About this exercise
Repeat each entry exactly; omit all pictures.

Data for processing
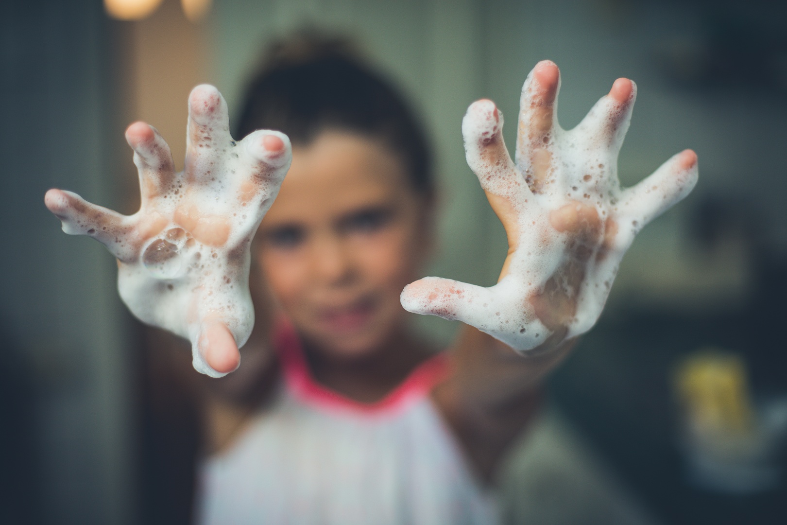 - تأكدي من غسل اليدين جيداً بالماء والصابون، خاصة بعد استخدام الحمام، وقبل لمس الطعام أو تناوله. علّمي أطفالك الطريقة الصحيحة للغسل لمدة لا تقل عن 20 ثانية.
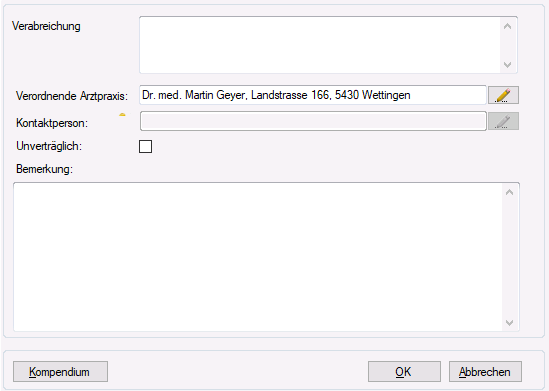 • Medikament: Dies kann aus dem Katalog "Medisliste" entnommen werden.
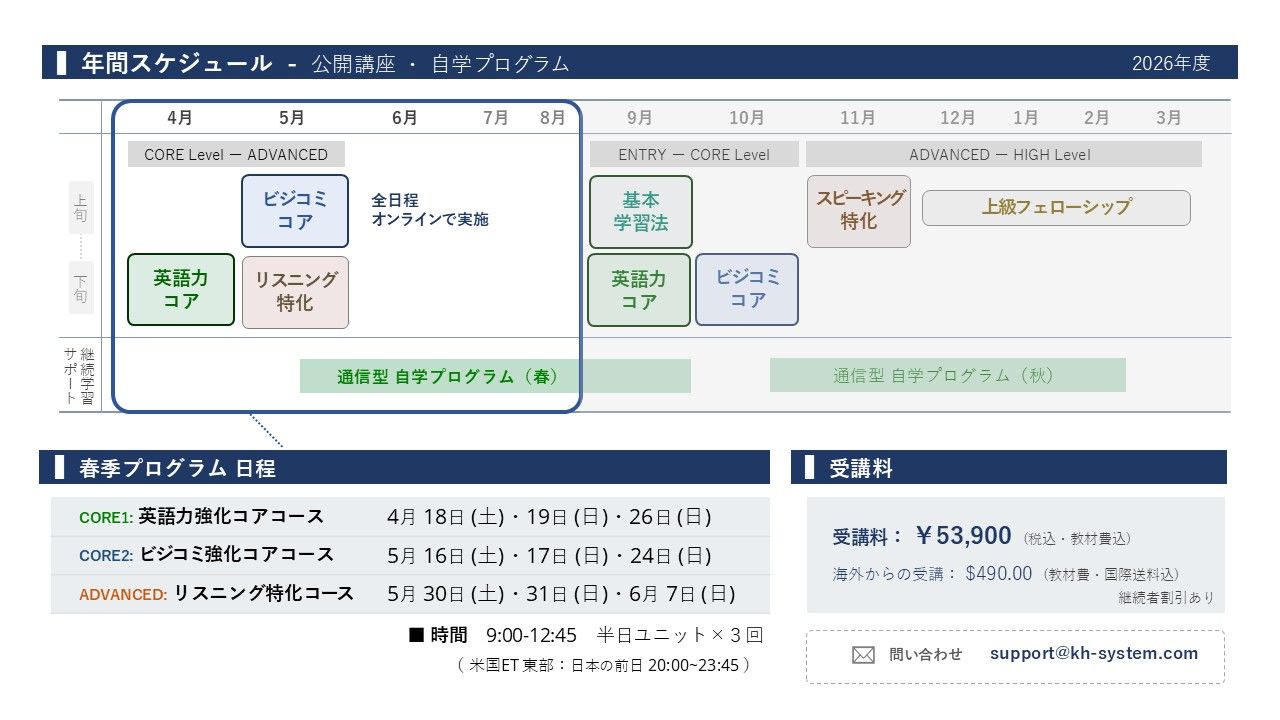 英語の学習方法そのものを、実践的・体験型で学ぶセミナーです。春・秋に開講される公開講座をマイルストーンとし、学習を継続しながら、初級から超上級レベルまで中長期的に力を伸ばしていく設計になっています。
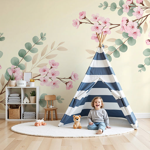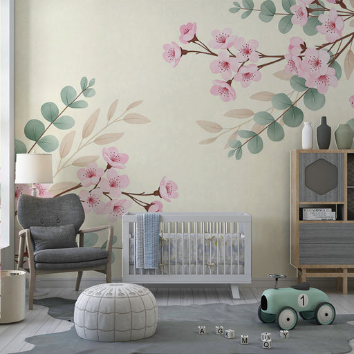 Mostrar todos os detalhesPapel de parede quarto bebê | Flores de cerejeira e eucalipto
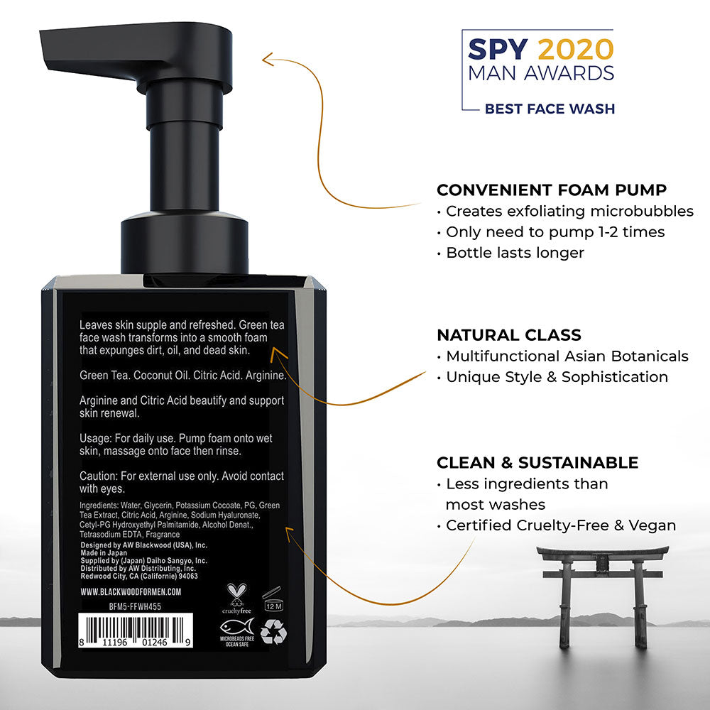 And finally, for the face we've got our BioNutrient Foaming Face Wash, made especially for men with dry or sensitive skin. This premium natural face wash includes lots of Green Tea to stimulate cell repair while fighting breakouts and blemishes. Moisturizes with Hyaluronic Acid while you cleanse, and protects against wrinkles, free radicals and pollutants with Arginine. Includes convenient pump for one-touch dispensing with less waste. Winner of the 2020 SPY Man Award for Best Face Wash.
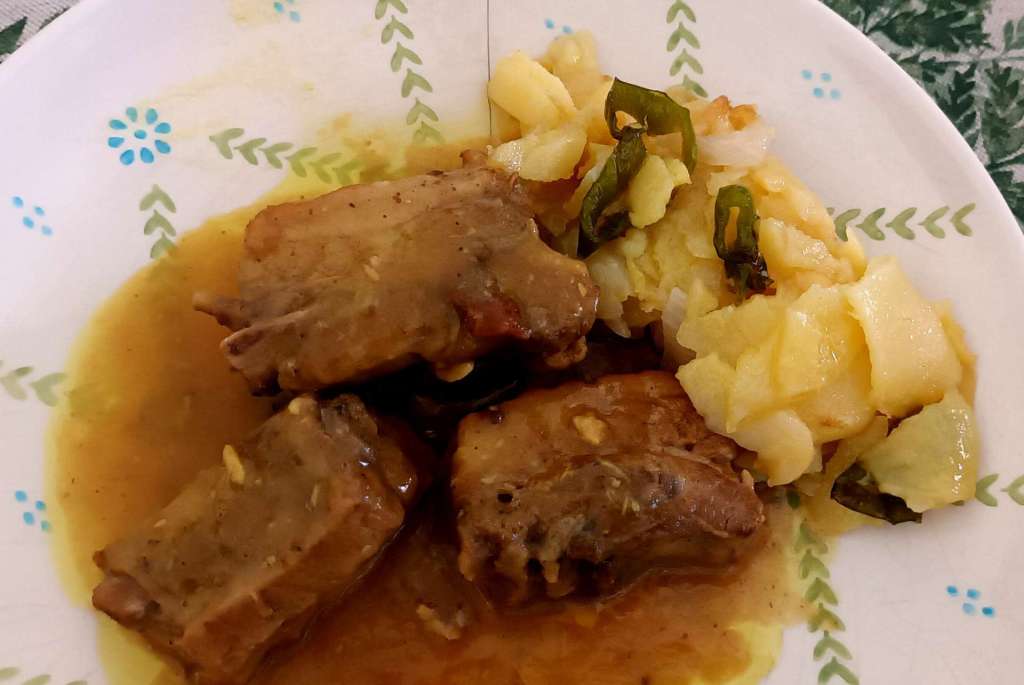 El resultado es espectacular, unas costillas riquísimas que podemos acompañar, como en este caso he hecho, con patatas a lo pobre.
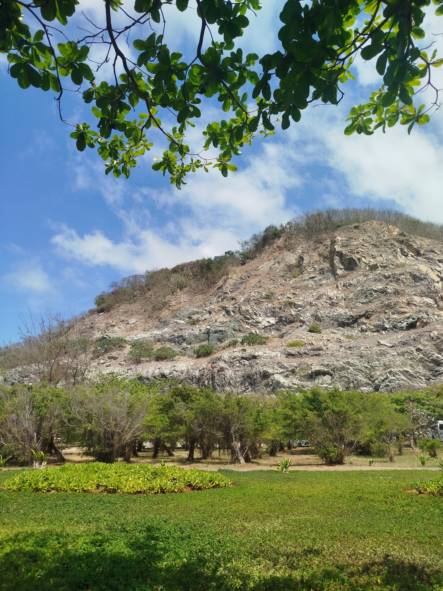 The image shows a landscape with a mountain as the backdrop. The mountain is rocky with layers of different colored stone and some sparse vegetation. At the foot of the mountain, there is a line of tr…read more

Response to this exercise
 - تأكدي من غسل اليدين جيداً بالماء والصابون، خاصة بعد استخدام الحمام، وقبل لمس الطعام أو تناوله. علّمي أطفالك الطريقة الصحيحة للغسل لمدة لا تقل عن 20 ثانية.
 • Medikament: Dies kann aus dem Katalog "Medisliste" entnommen werden.
 英語の学習方法そのものを、実践的・体験型で学ぶセミナーです。春・秋に開講される公開講座をマイルストーンとし、学習を継続しながら、初級から超上級レベルまで中長期的に力を伸ばしていく設計になっています。
 Mostrar todos os detalhesPapel de parede quarto bebê | Flores de cerejeira e eucalipto
 And finally, for the face we've got our BioNutrient Foaming Face Wash, made especially for men with dry or sensitive skin. This premium natural face wash includes lots of Green Tea to stimulate cell repair while fighting breakouts and blemishes. Moisturizes with Hyaluronic Acid while you cleanse, and protects against wrinkles, free radicals and pollutants with Arginine. Includes convenient pump for one-touch dispensing with less waste. Winner of the 2020 SPY Man Award for Best Face Wash.
 El resultado es espectacular, unas costillas riquísimas que podemos acompañar, como en este caso he hecho, con patatas a lo pobre.
 The image shows a landscape with a mountain as the backdrop. The mountain is rocky with layers of different colored stone and some sparse vegetation. At the foot of the mountain, there is a line of tr…read more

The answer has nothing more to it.